The Kimpton Schofield is a Kimpton, which means it does the boutique-chain thing — moody lighting, a lobby that doubles as a living room, someone offering you a glass of wine around five o'clock. But the bones of this particular building resist the formula in a good way. The lobby ceiling is absurdly high. The elevator is small and slow and makes a sound like a polite cough before the doors open. The hallways have that old-building narrowness where you turn sideways if someone's coming the other way with a suitcase. None of this is a problem. It's just a building being honest about its age.

The room is clean, dark-toned, and quieter than you'd expect for a downtown corner. The windows are thick — old thick, not retrofit thick — and they cut the street noise to a murmur. There's a dog bed already set up when we walk in, plus two stainless steel bowls by the bathroom door. The kids get dinosaur toys from the front desk, unprompted. Nobody asked for any of this. It just appeared, the way good service does when it's not performing for a review.

Waking up here is a particular experience. East Ninth is not a residential street, so the morning sounds are mechanical — delivery trucks backing up, a bus hissing to a stop at the Euclid Avenue RTA station two blocks south. The light comes in gray and industrial, which suits the room's palette. The shower runs hot immediately, which I note because this is not always the case in century-old buildings. The water pressure is aggressive in a way I appreciate and my wife finds alarming.
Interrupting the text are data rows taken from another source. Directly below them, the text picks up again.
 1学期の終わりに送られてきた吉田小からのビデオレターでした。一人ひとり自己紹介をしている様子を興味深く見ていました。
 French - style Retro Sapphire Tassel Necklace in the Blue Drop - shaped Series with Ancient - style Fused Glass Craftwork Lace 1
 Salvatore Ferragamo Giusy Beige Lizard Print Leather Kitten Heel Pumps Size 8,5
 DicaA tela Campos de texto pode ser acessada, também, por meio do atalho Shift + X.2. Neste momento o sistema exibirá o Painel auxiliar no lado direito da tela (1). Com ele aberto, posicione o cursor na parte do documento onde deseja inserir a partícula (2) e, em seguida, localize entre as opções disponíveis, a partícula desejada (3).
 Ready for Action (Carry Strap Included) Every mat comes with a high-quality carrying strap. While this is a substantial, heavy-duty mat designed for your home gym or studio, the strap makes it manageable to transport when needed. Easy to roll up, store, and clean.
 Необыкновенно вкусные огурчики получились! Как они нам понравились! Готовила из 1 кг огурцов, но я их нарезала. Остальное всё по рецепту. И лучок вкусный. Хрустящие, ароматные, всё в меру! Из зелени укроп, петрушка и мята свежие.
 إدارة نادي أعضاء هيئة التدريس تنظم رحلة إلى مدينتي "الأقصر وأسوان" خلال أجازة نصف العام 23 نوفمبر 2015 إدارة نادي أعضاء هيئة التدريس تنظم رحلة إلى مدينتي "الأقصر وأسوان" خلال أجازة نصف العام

The honest thing about the Schofield's location is this: there is almost no grass. If you have a dog that needs grass — and Charlie needs grass the way some people need their morning espresso, which is to say non-negotiably — you're going to walk. We found a small patch near the Galleria, maybe six minutes southeast on foot, and a slightly better option near Perk Park on Chester Avenue. It's not a hardship, but it's a reality. The hotel staff mentioned a couple of designated pet relief areas closer by, and for our younger dog those worked fine. Charlie required the full expedition. She always does.
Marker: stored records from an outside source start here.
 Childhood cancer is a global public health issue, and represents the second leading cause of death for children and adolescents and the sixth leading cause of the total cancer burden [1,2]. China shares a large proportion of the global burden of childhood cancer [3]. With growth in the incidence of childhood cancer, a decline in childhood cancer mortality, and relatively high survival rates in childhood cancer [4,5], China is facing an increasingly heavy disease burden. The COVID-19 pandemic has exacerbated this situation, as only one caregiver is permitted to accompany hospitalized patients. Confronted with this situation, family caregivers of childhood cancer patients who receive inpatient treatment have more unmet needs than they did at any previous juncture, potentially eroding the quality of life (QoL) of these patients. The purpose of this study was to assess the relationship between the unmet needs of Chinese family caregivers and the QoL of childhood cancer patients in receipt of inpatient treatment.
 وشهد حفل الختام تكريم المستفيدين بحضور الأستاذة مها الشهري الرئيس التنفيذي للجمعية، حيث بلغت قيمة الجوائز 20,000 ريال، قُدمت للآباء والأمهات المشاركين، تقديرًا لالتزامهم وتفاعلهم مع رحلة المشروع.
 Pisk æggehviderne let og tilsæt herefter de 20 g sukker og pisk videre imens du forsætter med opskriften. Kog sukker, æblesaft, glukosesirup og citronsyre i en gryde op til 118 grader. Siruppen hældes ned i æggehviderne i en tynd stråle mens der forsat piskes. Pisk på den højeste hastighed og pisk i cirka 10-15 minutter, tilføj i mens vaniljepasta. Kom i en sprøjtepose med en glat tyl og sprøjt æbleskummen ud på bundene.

Cleveland's downtown has this quality of feeling emptier than it should, like a stage between acts.

What the hotel gets right about its location is proximity to the stuff that makes downtown Cleveland worth a night or two rather than a drive-through. The East 4th Street dining strip is a ten-minute walk west — Lola Bistro if you want Michael Symon's Cleveland roots, Greenhouse Tavern if you want something darker and more inventive. The Greater Cleveland RTA's Healthline bus runs along Euclid and connects you to University Circle and the art museum in about twenty-five minutes for US$3. Playhouse Square, the enormous theater district, is visible from the hotel's block. You can see the marquee lights from the corner if you lean.

One thing I can't explain: there's a painting in the second-floor hallway of what appears to be a woman wrestling a very large fish. It's not ironic. It's not kitschy. It's painted with the kind of earnest brushwork that suggests someone meant it deeply. I stood in front of it for longer than I stood in front of anything at the Cleveland Museum of Art the next day, which says something about either the painting or my attention span.

Walking out onto Euclid

Leaving the Schofield, you notice what you missed arriving: the way East Ninth funnels your eye north toward the lake, even though you can't quite see it. The wind is different in the morning — colder, carrying something metallic off the water. Charlie pulls toward the same storm drain she inspected on the way in. The kids are holding their dinosaurs. A man in a Browns jersey is unlocking a sandwich shop across the street, and the RTA bus wheezes past on Euclid, half-empty, heading east toward a city that keeps going long after downtown runs out of old stone buildings to admire.

Rooms at the Kimpton Schofield start around US$150 on weeknights, climbing toward US$250 on weekends and event dates. No pet fee — dogs stay free, which in a downtown hotel is uncommon enough to mention twice. What that buys you is a quiet room in an old building that doesn't pretend to be new, a staff that treats your kids and your dogs like expected guests rather than tolerated ones, and a street-level position in a city that rewards walking more than most visitors expect.